_Aim of the exercise_.
What is needed here is an exact printout of the data, with no pictures included.

_Record set_.
□ □ □ □

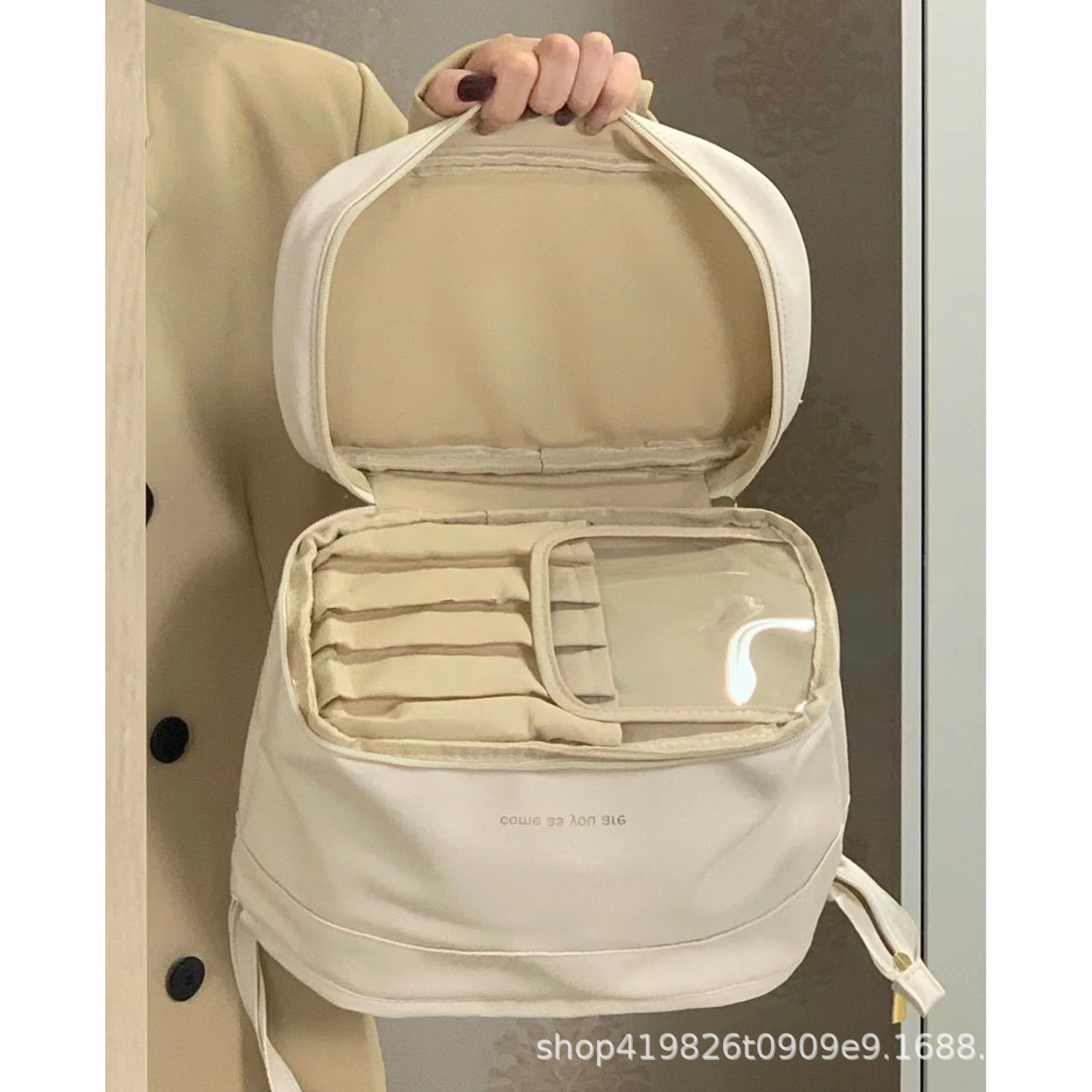 2023 새로운 대용량 같은 스타일 자이언트 클라우드 화장품 가방 더블 레이어 여성 휴대용 화장품 보관 상자 가방스토어 가기
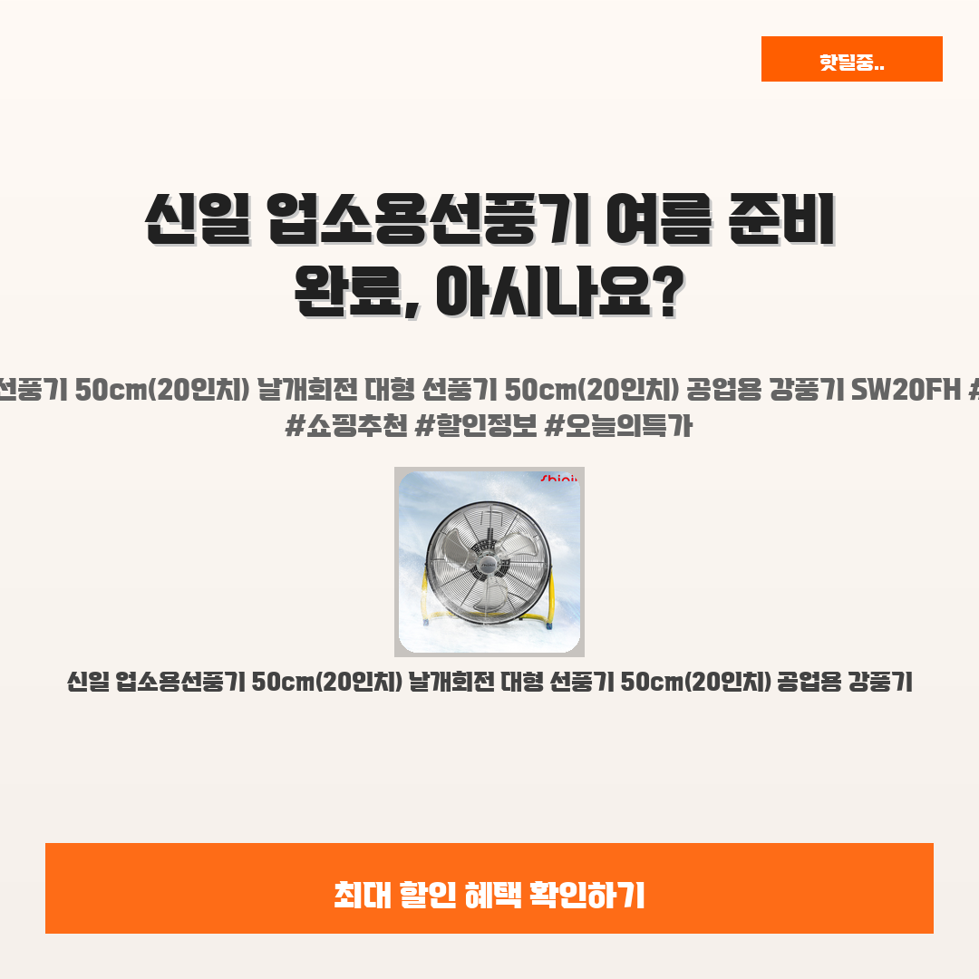 🛍️ 이 포스팅은 네이버 쇼핑 커넥트 활동의 일환으로,판매 발생 시 수수료를 제공받습니다.여름 준비는 이렇게!바로 신일 업소용선풍기 50cm(20인치)와 함께라면 걱정 끝이죠.무더운 여름, 더위에 지치지 않고 쾌적한 환경을 원하신다면,"신일 업소용선풍기 50cm(20인치) 날개회전 대형 선풍기 SW20FH"가 정답이에요!대형 강풍기로 실내외를 시원하게 만들고,업소에서도 손쉽게 사용할 수 있는 이 제품은 여러분의 여름을 한층 더 특별하게 만들어 줄 거예요.지금 바로 이 시원함을 경험해보세요!여러분의 여름을 더 즐겁고 쾌적하게 만들어줄 궁극의 선택입니다.※ 이거 진짜 제가 직접 써보고 쓰는 리뷰예요 광고 아님!!신일 업소용선풍기 50cm(20인치) 날개회전 대형 선풍기 50cm(20인치) 공업용 강풍기 S..
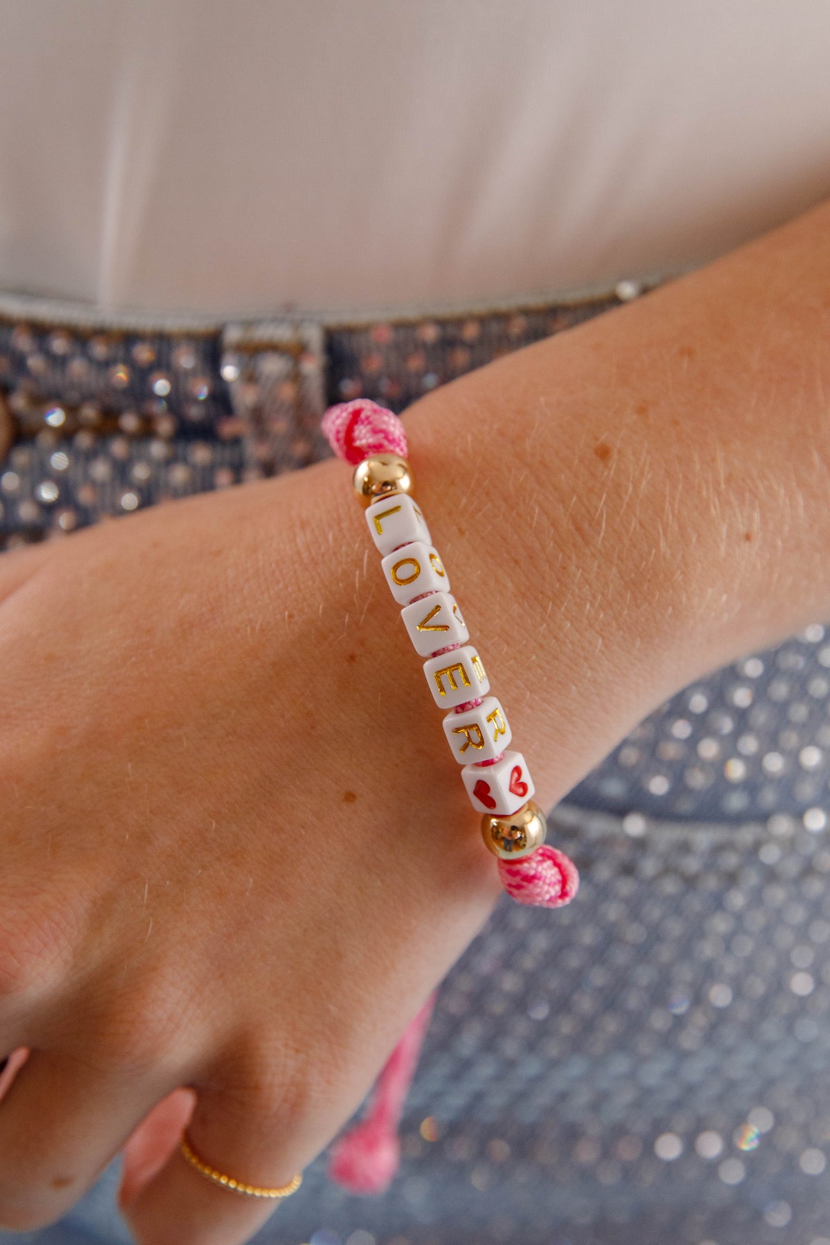 Add a splash of fun to your wrist with this Friendship Bracelet-Lover! White block beads shout out "Lover" in gold letters, while the slip knot lets you adjust it just right for your perfect fit.
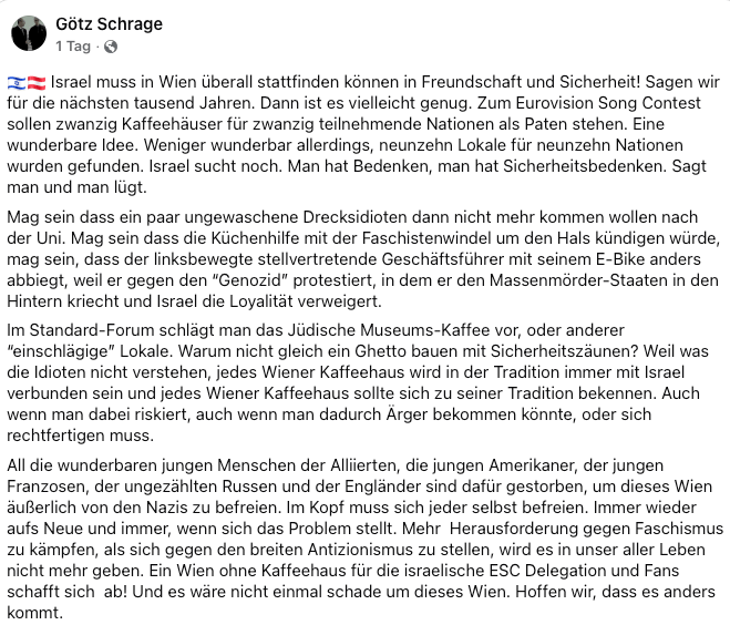 Bämm, das saß. Schrage ist nicht nur nicht fähig zu reflektieren, er hat sich offensichtlich die Lebenslüge zu eigen gemacht, dass es sich ja nur um einen Betriebsunfall handeln kann und dahinter die „ungewaschene Drecksidioten“ stecken können, nicht wissend, dass Wien von den Nazis befreit wurde. Nun wurde Österreich nicht von den Nazis befreit, die Alliierten die er beschreibt waren keine Sozialarbeiter und Wohlfühlpsychologen sondern haben ein Menschenverachtendes Regime unter den größten Anstrengungen besiegen müssen. Und da kommt Schrage mit seinem Kaffeehauskitsch, der sich die Geschichte zurecht rücken will in dem er davon schreibt, „jedes Wiener Kaffeehaus wird in der Tradition immer mit Israel verbunden sein und jedes Wiener Kaffeehaus sollte sich zu seiner Tradition bekennen.“ Kein Wiener Kaffeehaus ist in Tradition mit Israel verbunden, es war das jüdische Bürgertum, dass die Wiener Kaffeehaustradition begründete und die mit 1938 schlagartig endete.
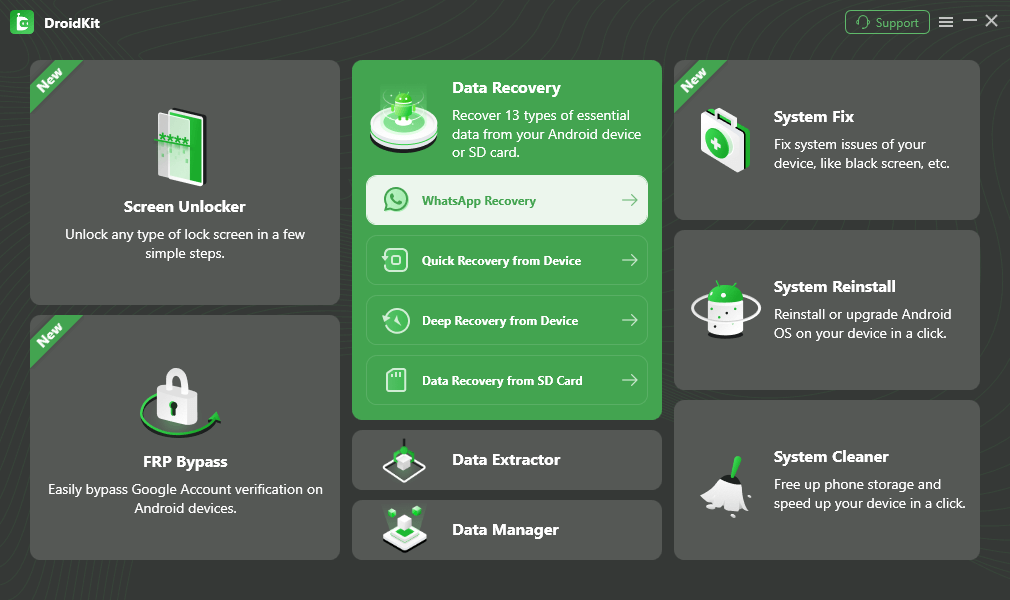 1. 在 Mac 或 Windows PC 上获取 DroidKit。启动它并转到数据恢复模式 并选择WhatsApp 恢复选项。
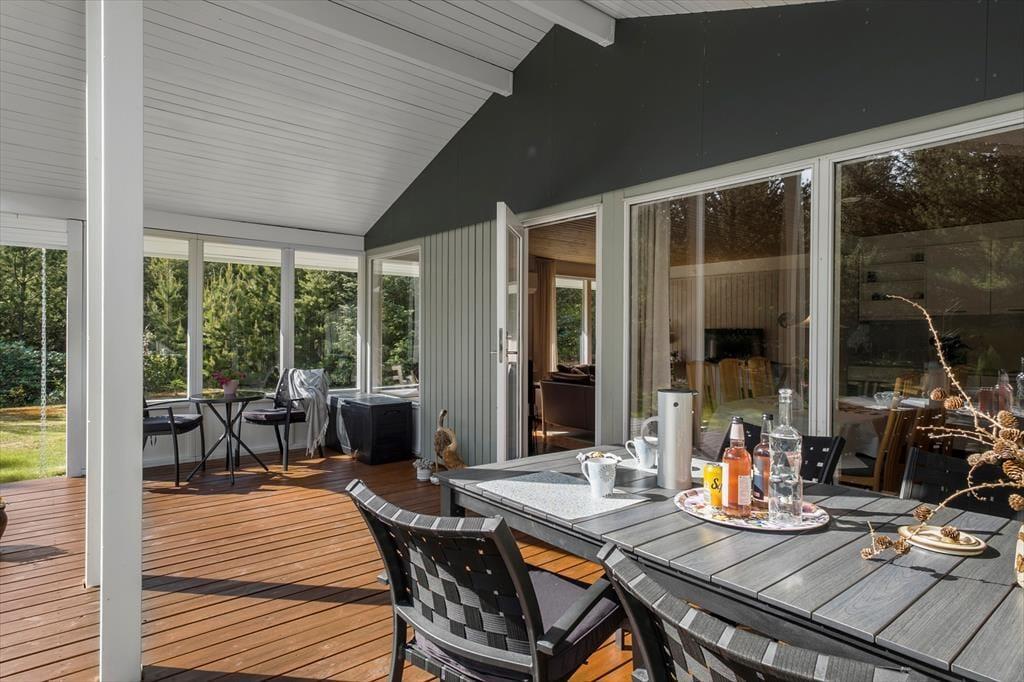 Huset ligger på en stor grund på 2461 m2, som er omkranset af træer og buske, så her får I det helt for jer selv. I kan også se frem til en stor græsplæne med god plads til leg og boldspil. Omkring huset er der desuden to gode terrasser: mod øst en åben terrasse, hvor I kan nyde dagens første kop kaffe, og mod syd en stor og dejlig overdækket terrasse til god mad og hygge. Og er I lidt heldige, kan I faktisk få et rådyr at se mellem træerne i haven tidligt om morgenen eller i skumringen.
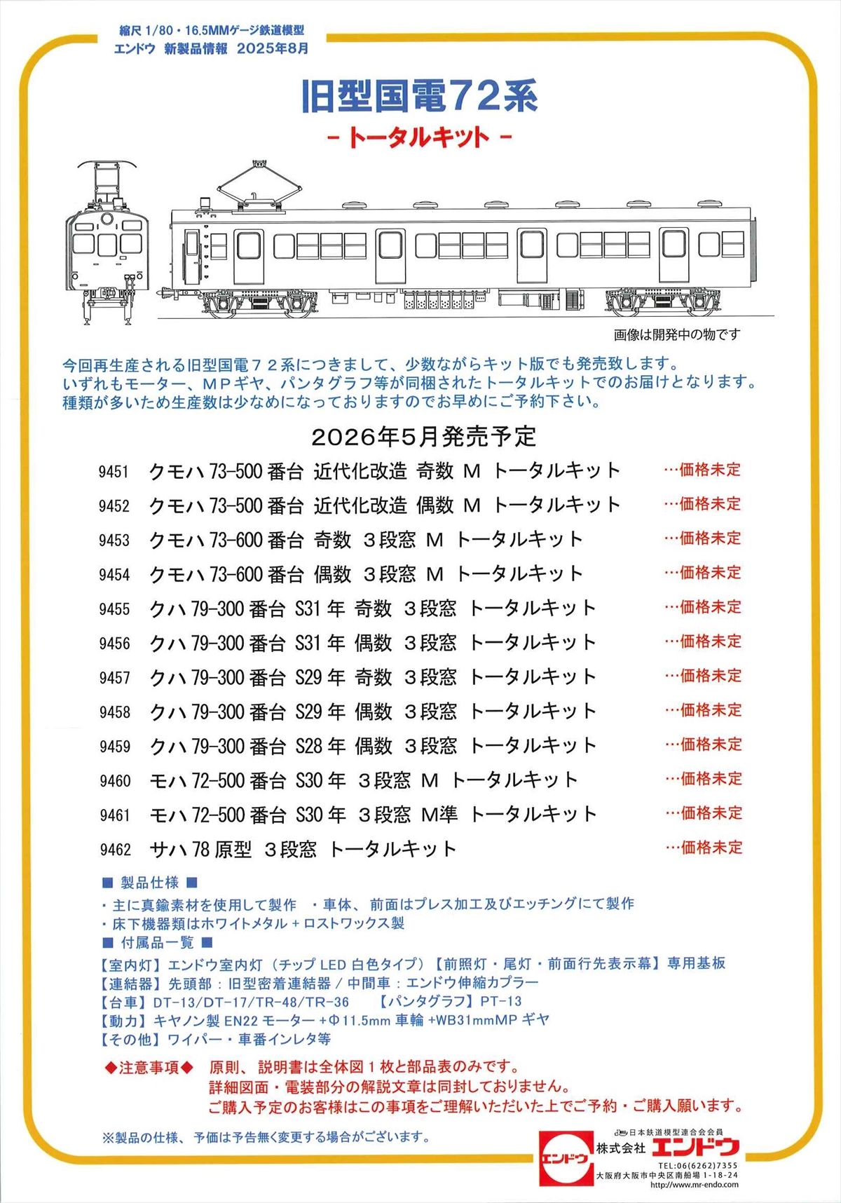 | KH-2075 | クモハ73500番代(奇数・郡山工)/近代化改造車(幡生工) | ¥21,000 | 2025年 6月下旬 |
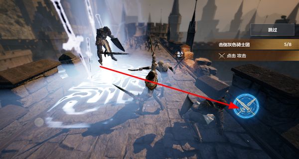 2、滑动摇杆移动,攻击指定敌人如灰色骑士团,战斗中注意观察剩余目标数量,逐步完成击杀任务。

□ □ □ □

_Solution to this problem_.
 2023 새로운 대용량 같은 스타일 자이언트 클라우드 화장품 가방 더블 레이어 여성 휴대용 화장품 보관 상자 가방스토어 가기
 🛍️ 이 포스팅은 네이버 쇼핑 커넥트 활동의 일환으로,판매 발생 시 수수료를 제공받습니다.여름 준비는 이렇게!바로 신일 업소용선풍기 50cm(20인치)와 함께라면 걱정 끝이죠.무더운 여름, 더위에 지치지 않고 쾌적한 환경을 원하신다면,"신일 업소용선풍기 50cm(20인치) 날개회전 대형 선풍기 SW20FH"가 정답이에요!대형 강풍기로 실내외를 시원하게 만들고,업소에서도 손쉽게 사용할 수 있는 이 제품은 여러분의 여름을 한층 더 특별하게 만들어 줄 거예요.지금 바로 이 시원함을 경험해보세요!여러분의 여름을 더 즐겁고 쾌적하게 만들어줄 궁극의 선택입니다.※ 이거 진짜 제가 직접 써보고 쓰는 리뷰예요 광고 아님!!신일 업소용선풍기 50cm(20인치) 날개회전 대형 선풍기 50cm(20인치) 공업용 강풍기 S..
 Add a splash of fun to your wrist with this Friendship Bracelet-Lover! White block beads shout out "Lover" in gold letters, while the slip knot lets you adjust it just right for your perfect fit.
 Bämm, das saß. Schrage ist nicht nur nicht fähig zu reflektieren, er hat sich offensichtlich die Lebenslüge zu eigen gemacht, dass es sich ja nur um einen Betriebsunfall handeln kann und dahinter die „ungewaschene Drecksidioten“ stecken können, nicht wissend, dass Wien von den Nazis befreit wurde. Nun wurde Österreich nicht von den Nazis befreit, die Alliierten die er beschreibt waren keine Sozialarbeiter und Wohlfühlpsychologen sondern haben ein Menschenverachtendes Regime unter den größten Anstrengungen besiegen müssen. Und da kommt Schrage mit seinem Kaffeehauskitsch, der sich die Geschichte zurecht rücken will in dem er davon schreibt, „jedes Wiener Kaffeehaus wird in der Tradition immer mit Israel verbunden sein und jedes Wiener Kaffeehaus sollte sich zu seiner Tradition bekennen.“ Kein Wiener Kaffeehaus ist in Tradition mit Israel verbunden, es war das jüdische Bürgertum, dass die Wiener Kaffeehaustradition begründete und die mit 1938 schlagartig endete.
 1. 在 Mac 或 Windows PC 上获取 DroidKit。启动它并转到数据恢复模式 并选择WhatsApp 恢复选项。
 Huset ligger på en stor grund på 2461 m2, som er omkranset af træer og buske, så her får I det helt for jer selv. I kan også se frem til en stor græsplæne med god plads til leg og boldspil. Omkring huset er der desuden to gode terrasser: mod øst en åben terrasse, hvor I kan nyde dagens første kop kaffe, og mod syd en stor og dejlig overdækket terrasse til god mad og hygge. Og er I lidt heldige, kan I faktisk få et rådyr at se mellem træerne i haven tidligt om morgenen eller i skumringen.
 | KH-2075 | クモハ73500番代(奇数・郡山工)/近代化改造車(幡生工) | ¥21,000 | 2025年 6月下旬 |
 2、滑动摇杆移动,攻击指定敌人如灰色骑士团,战斗中注意观察剩余目标数量,逐步完成击杀任务。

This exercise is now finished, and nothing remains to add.